*SOURCE DATA:*
=== Begin Enclosure ===

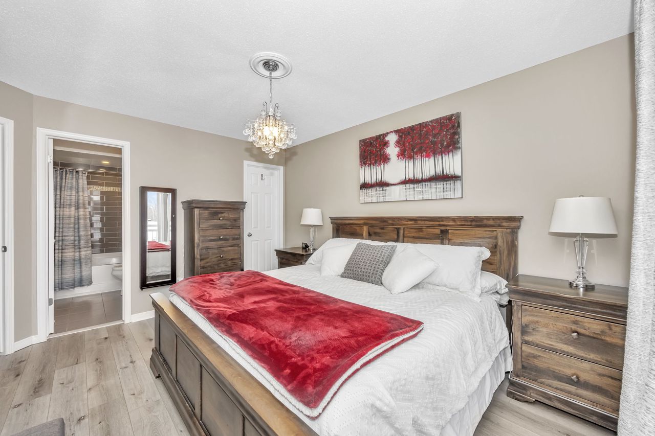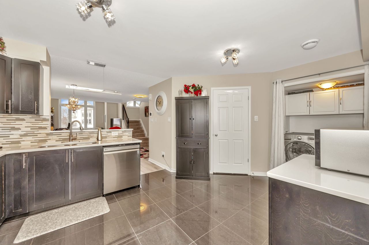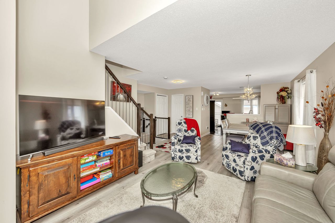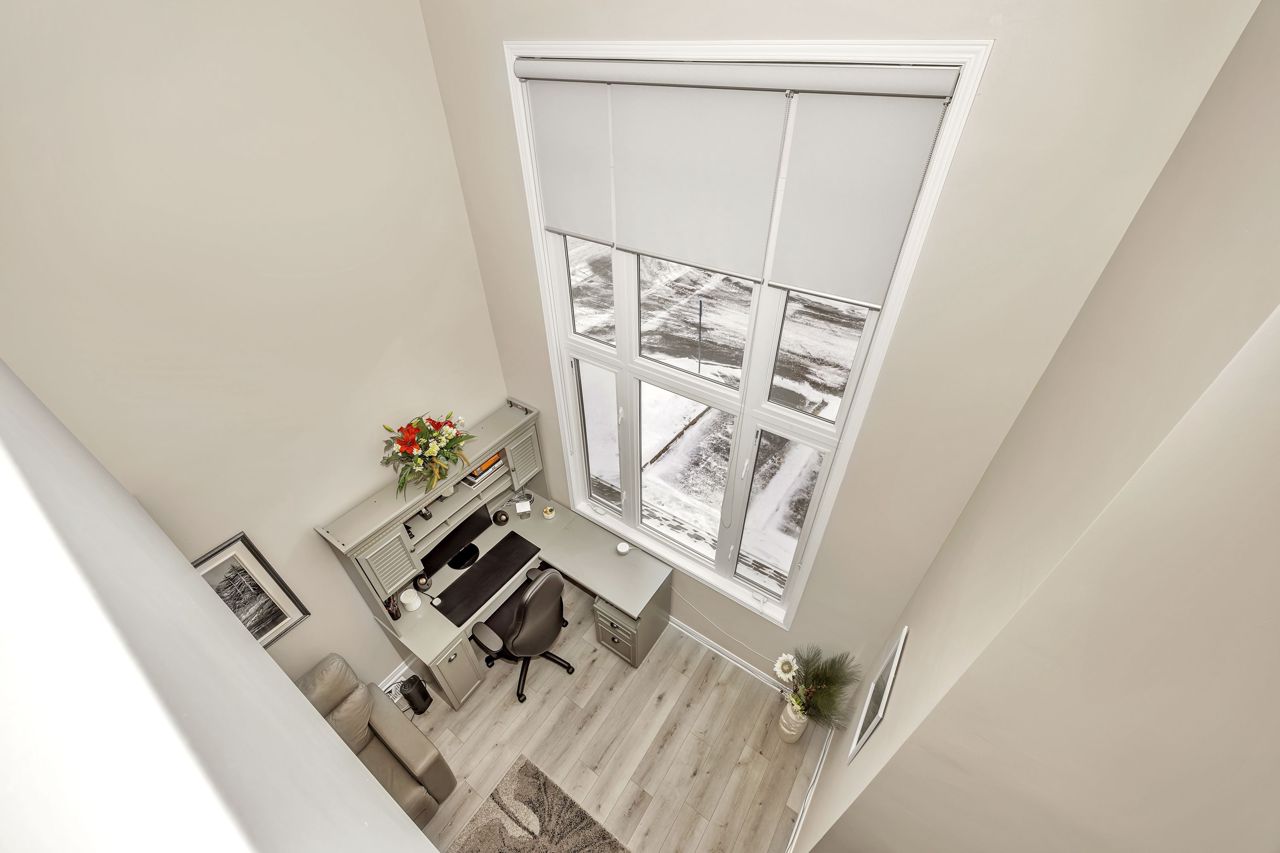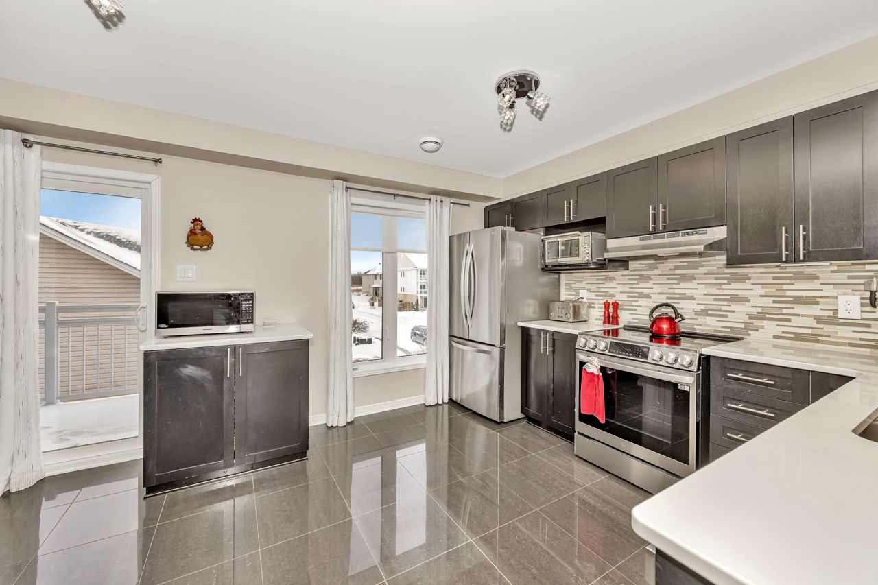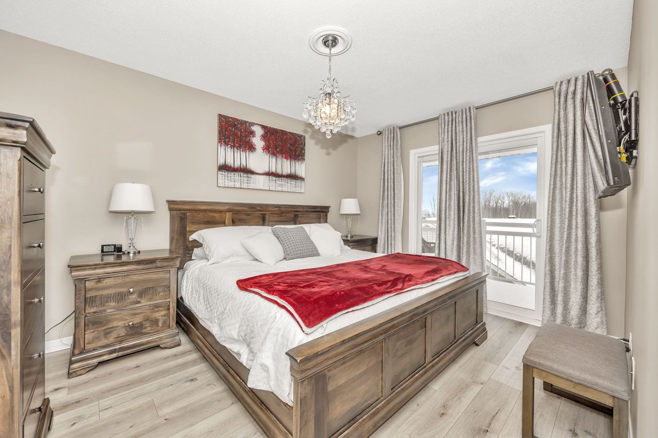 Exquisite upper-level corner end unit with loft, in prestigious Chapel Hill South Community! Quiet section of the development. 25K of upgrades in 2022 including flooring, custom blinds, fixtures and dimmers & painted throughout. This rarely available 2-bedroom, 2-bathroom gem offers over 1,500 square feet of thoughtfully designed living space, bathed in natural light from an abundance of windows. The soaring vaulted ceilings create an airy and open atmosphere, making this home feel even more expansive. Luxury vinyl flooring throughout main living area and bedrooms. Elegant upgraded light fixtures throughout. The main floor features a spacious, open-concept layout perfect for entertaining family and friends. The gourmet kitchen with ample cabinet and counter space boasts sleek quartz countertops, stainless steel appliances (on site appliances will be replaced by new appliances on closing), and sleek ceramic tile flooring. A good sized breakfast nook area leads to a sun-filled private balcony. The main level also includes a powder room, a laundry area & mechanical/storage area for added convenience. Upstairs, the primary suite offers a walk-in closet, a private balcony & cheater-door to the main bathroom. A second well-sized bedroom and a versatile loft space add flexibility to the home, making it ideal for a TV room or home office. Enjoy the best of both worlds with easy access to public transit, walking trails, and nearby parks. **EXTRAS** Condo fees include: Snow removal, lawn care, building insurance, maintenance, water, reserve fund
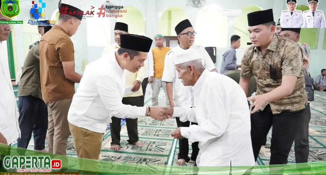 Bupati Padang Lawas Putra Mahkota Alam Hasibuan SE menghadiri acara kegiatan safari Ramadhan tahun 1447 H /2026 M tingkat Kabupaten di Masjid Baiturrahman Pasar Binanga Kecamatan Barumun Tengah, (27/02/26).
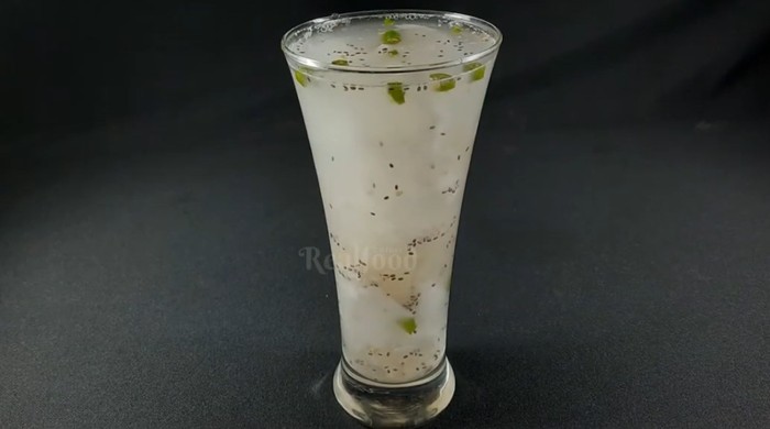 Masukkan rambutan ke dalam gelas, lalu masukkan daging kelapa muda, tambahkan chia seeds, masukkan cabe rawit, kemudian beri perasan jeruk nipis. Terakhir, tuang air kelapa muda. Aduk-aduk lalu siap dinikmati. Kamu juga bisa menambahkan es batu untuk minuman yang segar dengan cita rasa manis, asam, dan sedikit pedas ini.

=== End Enclosure ===
=== Begin Enclosure ===

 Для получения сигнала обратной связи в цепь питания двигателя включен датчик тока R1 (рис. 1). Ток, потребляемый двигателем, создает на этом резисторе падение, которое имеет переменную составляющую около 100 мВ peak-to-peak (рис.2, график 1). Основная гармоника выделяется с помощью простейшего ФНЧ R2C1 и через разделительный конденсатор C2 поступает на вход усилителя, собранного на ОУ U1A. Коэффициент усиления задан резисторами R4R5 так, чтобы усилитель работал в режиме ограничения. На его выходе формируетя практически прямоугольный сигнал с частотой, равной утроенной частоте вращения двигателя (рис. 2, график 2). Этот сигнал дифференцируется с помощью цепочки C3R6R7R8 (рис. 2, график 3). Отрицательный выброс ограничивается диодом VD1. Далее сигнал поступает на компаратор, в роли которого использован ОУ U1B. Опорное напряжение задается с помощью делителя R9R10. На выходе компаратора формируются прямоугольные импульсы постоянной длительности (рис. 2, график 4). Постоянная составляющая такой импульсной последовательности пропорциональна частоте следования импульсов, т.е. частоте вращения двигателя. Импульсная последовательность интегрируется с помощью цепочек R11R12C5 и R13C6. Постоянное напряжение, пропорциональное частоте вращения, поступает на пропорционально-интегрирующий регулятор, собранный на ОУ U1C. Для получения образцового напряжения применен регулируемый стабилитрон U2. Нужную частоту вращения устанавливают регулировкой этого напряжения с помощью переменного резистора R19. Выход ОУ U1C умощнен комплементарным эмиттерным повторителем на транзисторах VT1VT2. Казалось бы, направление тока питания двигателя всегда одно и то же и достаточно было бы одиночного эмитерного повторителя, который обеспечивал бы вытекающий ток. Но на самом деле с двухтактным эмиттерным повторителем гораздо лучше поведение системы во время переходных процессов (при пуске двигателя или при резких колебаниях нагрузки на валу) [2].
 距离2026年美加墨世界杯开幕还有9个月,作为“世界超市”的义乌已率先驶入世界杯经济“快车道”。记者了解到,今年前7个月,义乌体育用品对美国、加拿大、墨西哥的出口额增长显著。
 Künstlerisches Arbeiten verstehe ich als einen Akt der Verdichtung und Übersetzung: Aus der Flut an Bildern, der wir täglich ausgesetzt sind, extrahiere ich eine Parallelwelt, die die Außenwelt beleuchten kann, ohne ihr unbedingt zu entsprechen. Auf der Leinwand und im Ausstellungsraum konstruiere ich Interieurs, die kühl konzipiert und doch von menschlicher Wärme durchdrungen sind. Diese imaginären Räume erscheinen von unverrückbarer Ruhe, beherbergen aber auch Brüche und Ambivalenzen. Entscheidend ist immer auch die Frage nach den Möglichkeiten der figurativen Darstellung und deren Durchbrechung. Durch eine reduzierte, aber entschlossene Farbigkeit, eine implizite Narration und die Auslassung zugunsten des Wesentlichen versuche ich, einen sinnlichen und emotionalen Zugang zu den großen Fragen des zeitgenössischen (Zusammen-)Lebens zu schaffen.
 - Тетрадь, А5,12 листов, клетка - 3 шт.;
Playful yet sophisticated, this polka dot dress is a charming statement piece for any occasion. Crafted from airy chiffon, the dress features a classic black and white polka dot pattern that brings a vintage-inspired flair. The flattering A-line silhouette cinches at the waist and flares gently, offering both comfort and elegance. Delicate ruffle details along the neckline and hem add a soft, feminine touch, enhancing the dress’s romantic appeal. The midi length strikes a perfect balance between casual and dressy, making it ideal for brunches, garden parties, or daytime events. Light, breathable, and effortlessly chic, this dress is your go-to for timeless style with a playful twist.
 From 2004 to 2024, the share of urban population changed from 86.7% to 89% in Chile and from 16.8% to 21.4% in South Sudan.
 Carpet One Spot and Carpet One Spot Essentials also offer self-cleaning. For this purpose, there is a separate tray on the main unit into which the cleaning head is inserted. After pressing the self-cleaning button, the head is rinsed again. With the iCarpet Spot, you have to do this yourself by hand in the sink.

=== End Enclosure ===
=== Begin Enclosure ===

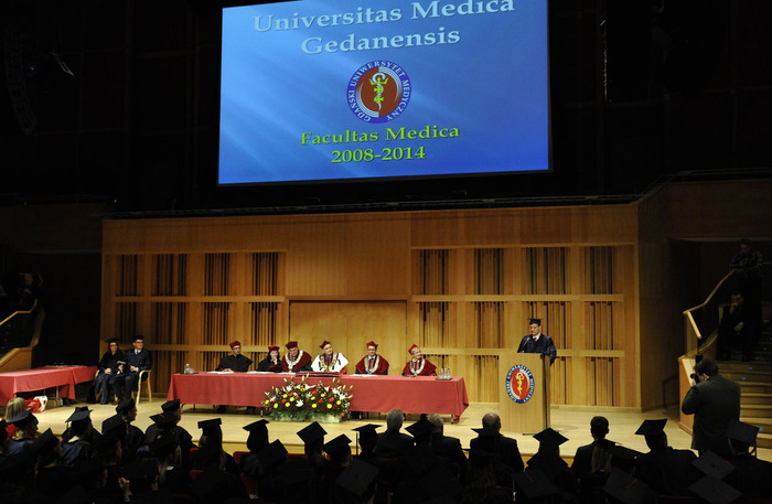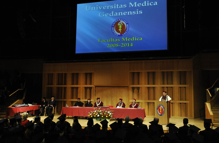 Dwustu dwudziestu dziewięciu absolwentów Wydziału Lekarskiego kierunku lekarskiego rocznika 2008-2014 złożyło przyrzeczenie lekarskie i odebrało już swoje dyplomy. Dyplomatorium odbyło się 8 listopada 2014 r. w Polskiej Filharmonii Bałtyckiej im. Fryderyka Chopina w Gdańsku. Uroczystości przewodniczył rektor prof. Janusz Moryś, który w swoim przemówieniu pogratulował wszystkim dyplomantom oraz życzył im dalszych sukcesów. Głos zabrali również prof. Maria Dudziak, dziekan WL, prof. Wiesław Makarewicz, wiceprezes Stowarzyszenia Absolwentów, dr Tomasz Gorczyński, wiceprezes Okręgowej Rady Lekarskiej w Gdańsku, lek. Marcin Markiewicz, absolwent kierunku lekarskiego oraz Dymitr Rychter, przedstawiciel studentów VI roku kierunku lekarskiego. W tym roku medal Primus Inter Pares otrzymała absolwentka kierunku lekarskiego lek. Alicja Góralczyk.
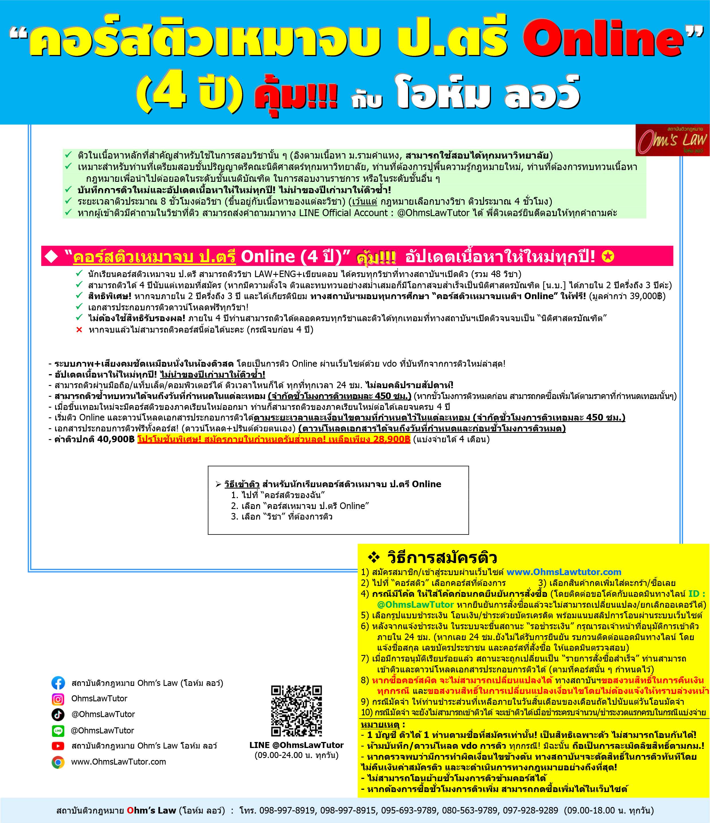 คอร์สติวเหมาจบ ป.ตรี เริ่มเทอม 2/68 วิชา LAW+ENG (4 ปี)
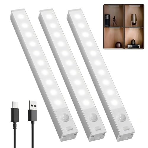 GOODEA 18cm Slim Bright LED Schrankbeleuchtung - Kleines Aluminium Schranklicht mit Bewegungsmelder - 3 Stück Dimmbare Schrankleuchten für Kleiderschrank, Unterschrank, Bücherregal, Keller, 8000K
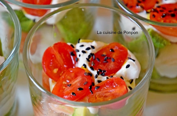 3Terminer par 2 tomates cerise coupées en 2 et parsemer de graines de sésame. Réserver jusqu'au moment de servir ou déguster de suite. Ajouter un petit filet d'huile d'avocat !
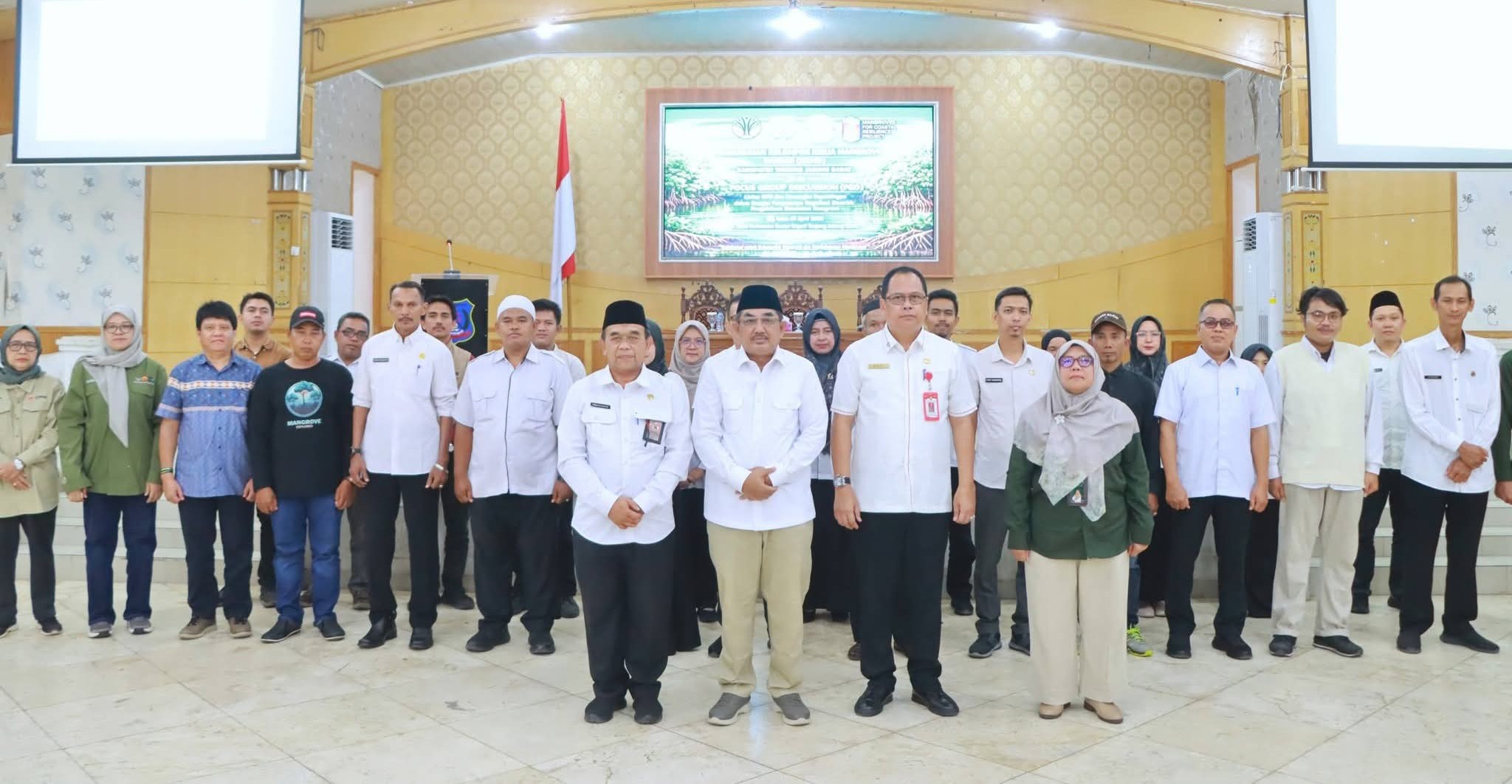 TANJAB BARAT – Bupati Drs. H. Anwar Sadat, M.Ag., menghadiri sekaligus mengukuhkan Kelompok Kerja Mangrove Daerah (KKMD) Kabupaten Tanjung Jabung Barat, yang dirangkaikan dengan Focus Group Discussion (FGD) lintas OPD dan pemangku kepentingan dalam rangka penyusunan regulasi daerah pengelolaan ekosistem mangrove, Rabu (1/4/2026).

=== End Enclosure ===

*GOAL OF THE EXERCISE:* Your answer must be the lines above from the one containing "From 2004 to" to the one containing "Carpet One Spot and", both included, restated word for word.

*ANSWER BOX:*
 From 2004 to 2024, the share of urban population changed from 86.7% to 89% in Chile and from 16.8% to 21.4% in South Sudan.
 Carpet One Spot and Carpet One Spot Essentials also offer self-cleaning. For this purpose, there is a separate tray on the main unit into which the cleaning head is inserted. After pressing the self-cleaning button, the head is rinsed again. With the iCarpet Spot, you have to do this yourself by hand in the sink.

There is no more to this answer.